Gov. Michelle Lujan Grisham signed into law this week a bill (SB41) that ensures service providers accused of overbilling or defrauding Medicaid can review and respond to allegations of wrongdoing before state action is taken.
It’s a response to the bombshell announcement the administration of Gov. Susana Martinez made in June 2013. That summer, the Human Services Department publicly accused 15 organizations treating New Mexicans for addiction and mental illness of overbilling Medicaid by up to $36 million.
There was even a chance, the agency said, the organizations had defrauded the government’s health insurance program for low-income people.
The organizations weren’t allowed to review or respond to audit findings that led to the allegations – a break with normal auditing practices – or dispute the state Human Services Department’s decision to cut off Medicaid funding to a dozen or so of the 15 providers.
Nearly eight months after the bombshell announcement, James Kerlin of the Counseling Center of Alamogordo, seemed to sum up the bewilderment many accused providers were feeling.
“I … still don’t know what it was that we supposedly did wrong,” Kerlin told New Mexico In Depth in late February 2014.
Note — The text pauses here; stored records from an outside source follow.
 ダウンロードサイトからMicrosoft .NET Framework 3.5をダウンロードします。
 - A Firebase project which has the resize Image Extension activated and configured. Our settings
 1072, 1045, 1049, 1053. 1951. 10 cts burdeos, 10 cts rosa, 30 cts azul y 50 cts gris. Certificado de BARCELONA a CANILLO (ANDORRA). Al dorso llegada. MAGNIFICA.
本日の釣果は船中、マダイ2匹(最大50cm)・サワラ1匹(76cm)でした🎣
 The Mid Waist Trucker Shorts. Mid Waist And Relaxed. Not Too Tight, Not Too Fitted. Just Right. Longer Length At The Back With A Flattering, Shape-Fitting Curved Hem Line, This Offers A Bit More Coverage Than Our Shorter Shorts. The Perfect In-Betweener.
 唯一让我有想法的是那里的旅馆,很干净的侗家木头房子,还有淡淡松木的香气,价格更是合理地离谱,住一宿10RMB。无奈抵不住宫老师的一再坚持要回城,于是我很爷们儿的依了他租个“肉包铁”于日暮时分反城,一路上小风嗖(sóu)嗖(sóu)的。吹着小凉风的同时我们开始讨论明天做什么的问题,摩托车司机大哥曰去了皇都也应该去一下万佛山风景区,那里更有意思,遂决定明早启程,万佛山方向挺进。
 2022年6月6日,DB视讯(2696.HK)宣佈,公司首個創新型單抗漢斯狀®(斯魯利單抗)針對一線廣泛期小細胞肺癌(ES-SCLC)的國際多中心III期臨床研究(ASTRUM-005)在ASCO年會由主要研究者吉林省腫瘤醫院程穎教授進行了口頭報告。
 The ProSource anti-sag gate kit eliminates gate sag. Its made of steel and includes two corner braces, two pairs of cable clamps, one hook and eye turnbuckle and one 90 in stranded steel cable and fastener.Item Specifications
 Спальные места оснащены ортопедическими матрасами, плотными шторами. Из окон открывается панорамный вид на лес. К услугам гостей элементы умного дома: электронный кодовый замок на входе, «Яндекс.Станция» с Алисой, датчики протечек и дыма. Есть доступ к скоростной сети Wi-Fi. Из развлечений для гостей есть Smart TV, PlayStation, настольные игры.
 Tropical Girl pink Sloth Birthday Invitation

Nearly six years on, bewilderment seems an appropriate response. No fraud was ever found at any of the providers and the Medicaid overbilling discovered is a fraction of the estimates announced in June 2013. In one egregious example, the state settled its case against a Las Cruces provider for less than $500 after accusing it of $2.8 million in Medicaid overbilling in 2013.
The secretive, troubled process by which the Martinez administration built its case against the providers, meanwhile, has come into greater light. Martinez’s Human Services Department refused to consider documents one provider tried to hand over to prove its innocence. And the founder of another accused organization had proof of his organization’s clean bill of health covering three-quarters of the period that just months later would be audited by the Martinez administration. The agreement released it from any liability, civil or criminal, for the period in question.
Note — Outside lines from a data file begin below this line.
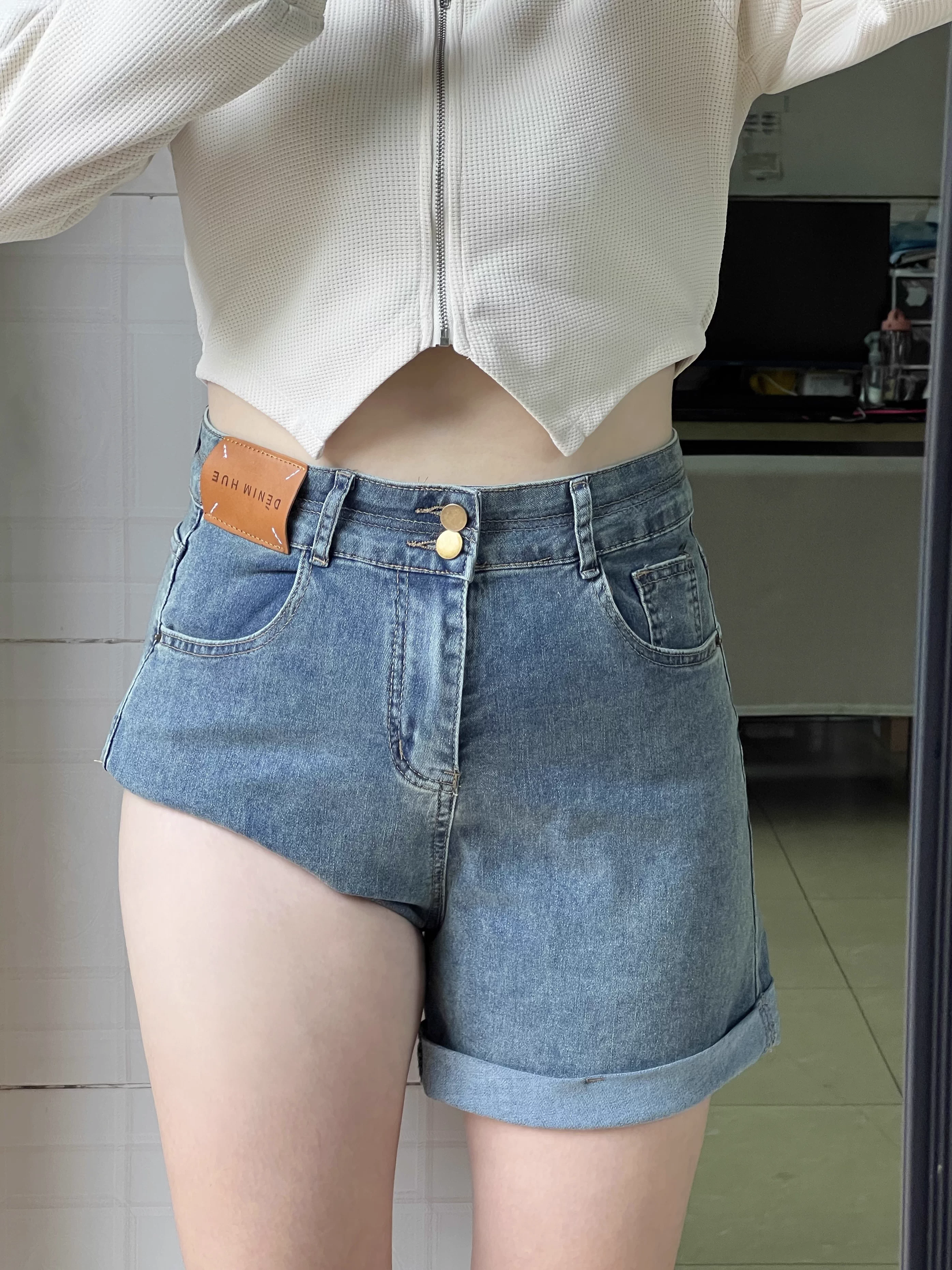 - Thân hình quả lê, quần short denim viền cuốn dành cho nữ, cỡ lớn mùa hè, lưng cao, co giãn, che hông, quần ống rộng chữ A tôn dáng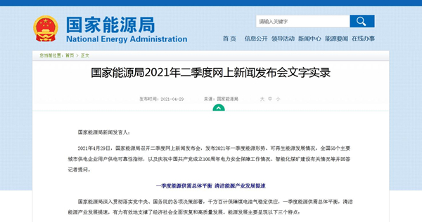 2021年4月29日,國家能源局召開二季度網(wǎng)上新聞發(fā)布會,發(fā)布2021年一季度能源形勢、可再生能源發(fā)展情況,全國50個主要城市供電企業(yè)用戶供電可靠性指標(biāo),以及慶祝中國共產(chǎn)黨成立100周年電力安全保障工作情況、智能化煤礦建設(shè)有關(guān)情況等并回答記者提問。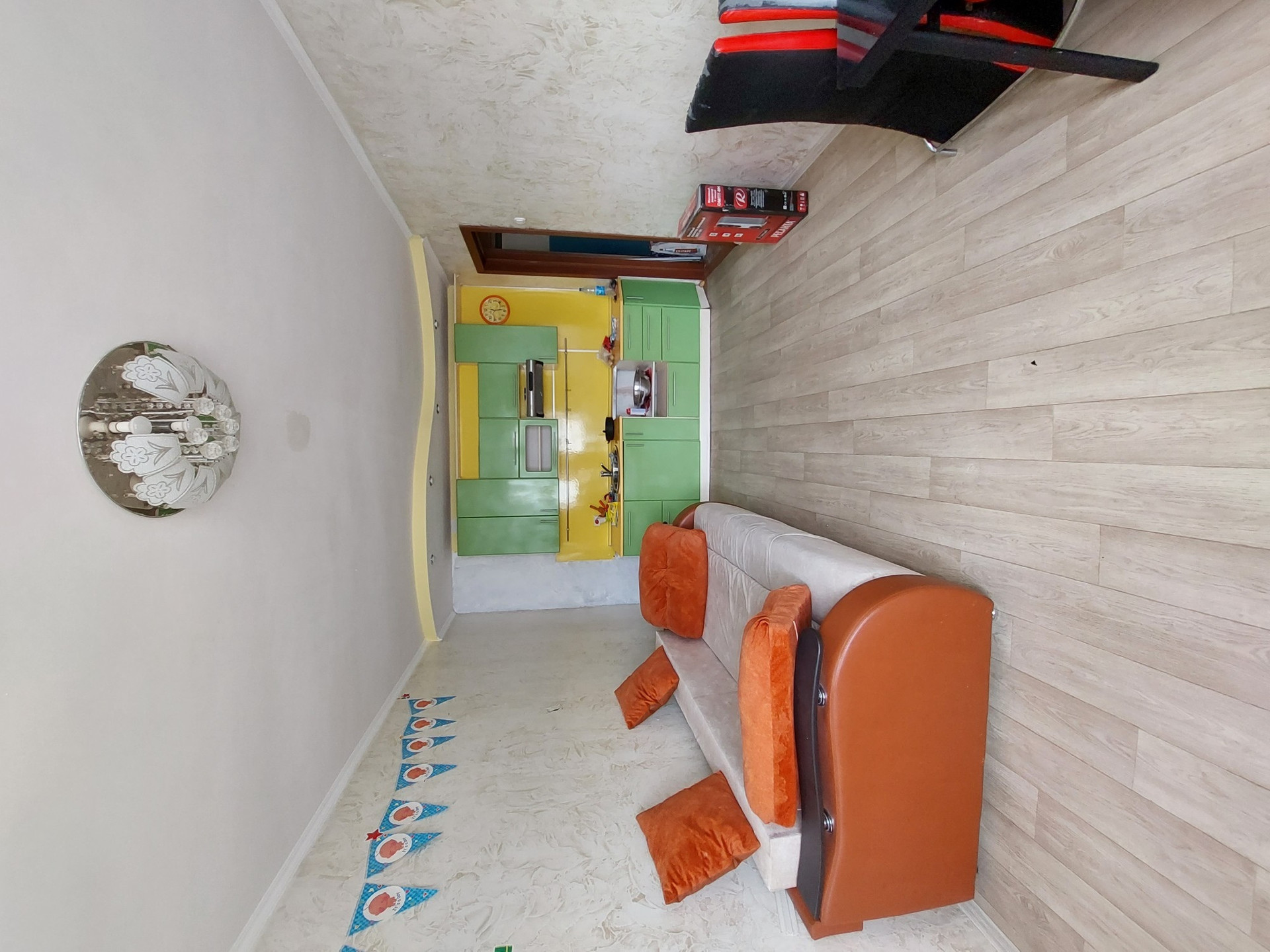 Продам тёплую, светлую 1 комнатную квартиру (переделанная в 2х). В квартире ремонт, в гостинной новый линолеум, на стенах в гостинной художественная штукатурка покрыта ЛЮМИАНОМ что придаёт стенам разные оттенки (цвет жемчуг). Раздельный сан узел ванная и туалет выложены кафелем. В квартире остаётся большой мягкий диван,бойлер на 100л, встроенный кухонный гарнитур и  встроенный шкаф купе с тремя зеркалами,вай фай интернет. В подъезде есть секция на 4 квартиры наш общий балкон, так же можно оставить коляску или что-то ещё соседи все дружные не шумные сами дижурим всегда чисто. Реальному покупателю торг.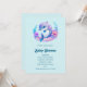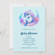 Baby shower-inbjudan med en förtjusande illustration. En blå och lila delfin omgiven av vackra undervattensblommor.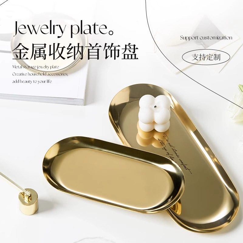 金属不锈钢香薰蜡烛托盘黄铜金色首饰品香氛收纳小托台置物盘摆件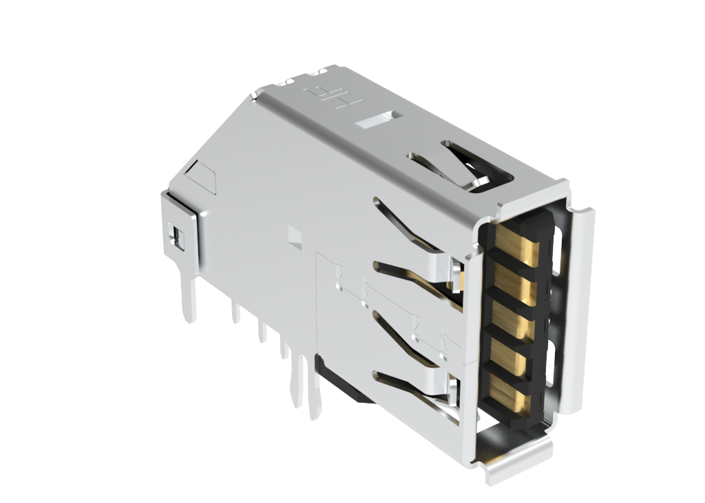 USB 3.2, Type A, Receptacle, Upright Reverse, 9 Pins, Shell Forklock with Nickel Plating, 30μin Gold, Dip 2.4mm, Blue High Temperature Housing, Tray Packaging

Even the Massachusetts firm that conducted the controversial audit on which the state’s “credible allegations of fraud” were based acknowledged it veered from its normal practice. It usually gives companies a chance to respond before issuing official findings, something it was not allowed to do in 2013.
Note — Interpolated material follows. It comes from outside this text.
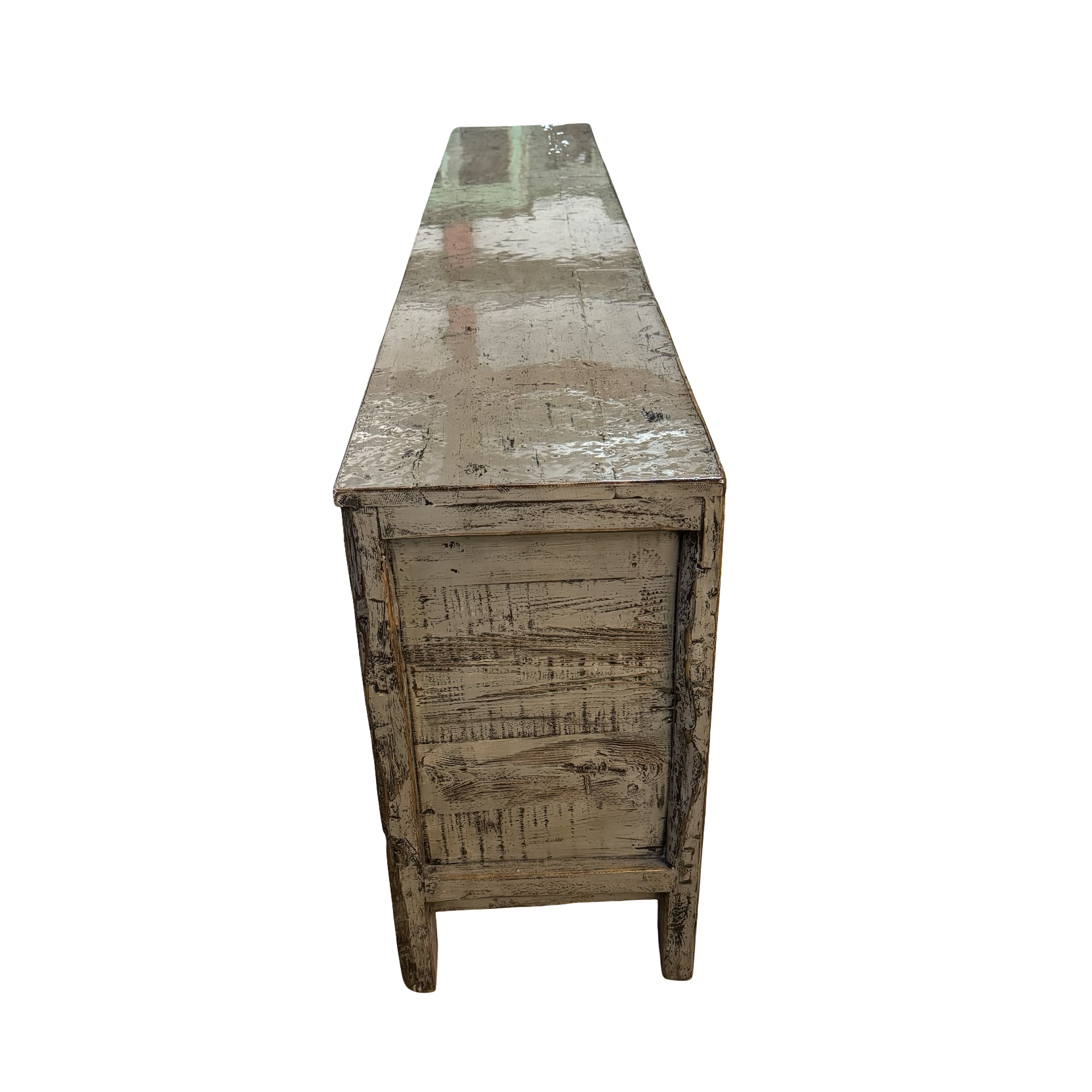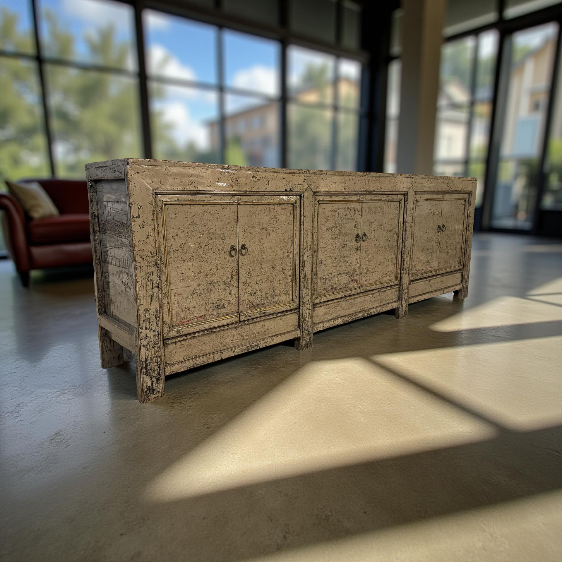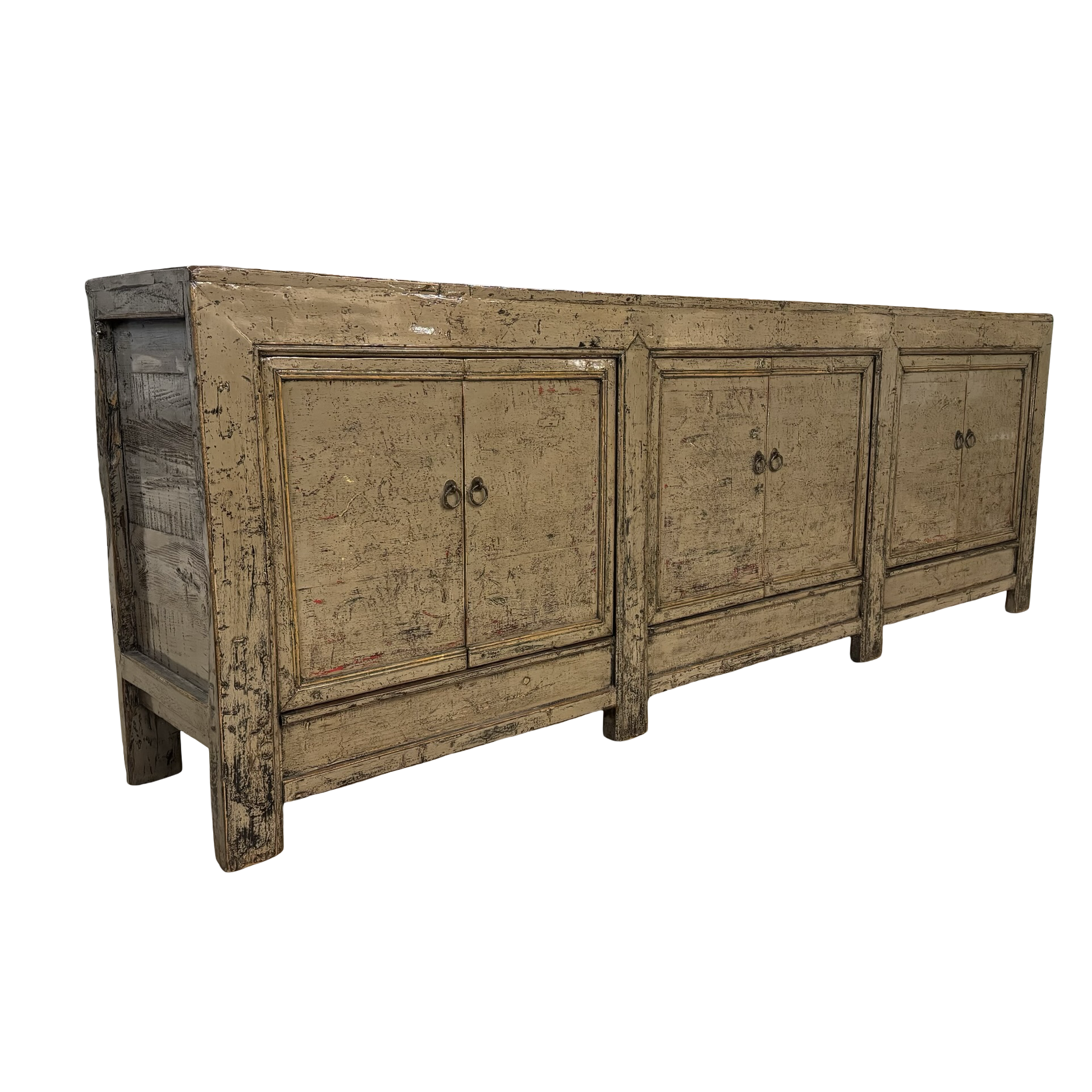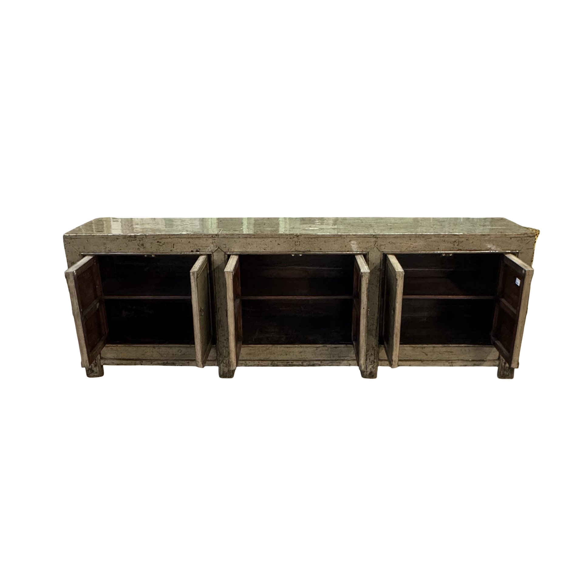 Dit unieke dressoir uit China is met de hand vervaardigd uit massief hout en heeft een ingetogen olijfgroene finish. De zes deuren bieden royale opbergruimte, terwijl de rustige kleur en strakke belijning zorgen voor een tijdloze, sobere uitstraling.

SB41, sponsored by Sen. President Pro Tem Mary Kay Papen, D-Las Cruces, who has carried similar bills in the past, ensures that the state can’t just presume a provider’s guilt in Medicaid overbilling or fraud but must give the accused a chance to respond to the allegations first.
“This is a good day for New Mexico,” Patsy Romero, the chief executive officer for Easter Seals El Mirador, one of the 15 organizations accused of fraud, wrote in an email Thursday morning to New Mexico In Depth, which covered the fallout from the Martinez administration’s rush to judgment from the beginning.
SB41’s passage culminates a campaign by the providers and their legislative allies nearly six years after the bombshell announcement of 2013, but it doesn’t address the fall out still reverberating through New Mexico..
Many of the 15 behavioral health providers eventually closed, unable to continue without the flow of Medicaid dollars the Martinez administration cut off. Those closures led to layoffs of hundreds of workers and tens of thousands of New Mexicans going without treatment for mental illness and addiction for varying periods of time.
Meanwhile, three of five Arizona companies the Martinez administration brought in to New Mexico to take over addiction and mental health services offered by the accused organizations have departed, unable to make a go of it in the state.
Nearly six years on, the story of the behavioral health scandal has transcended news coverage. A documentary film that explores the fallout will air at NMPBS and two other New Mexico public TV stations this fall. The National Hispanic Cultural Center is hosting a screening of the hourlong film this Saturday, followed by a panel discussion.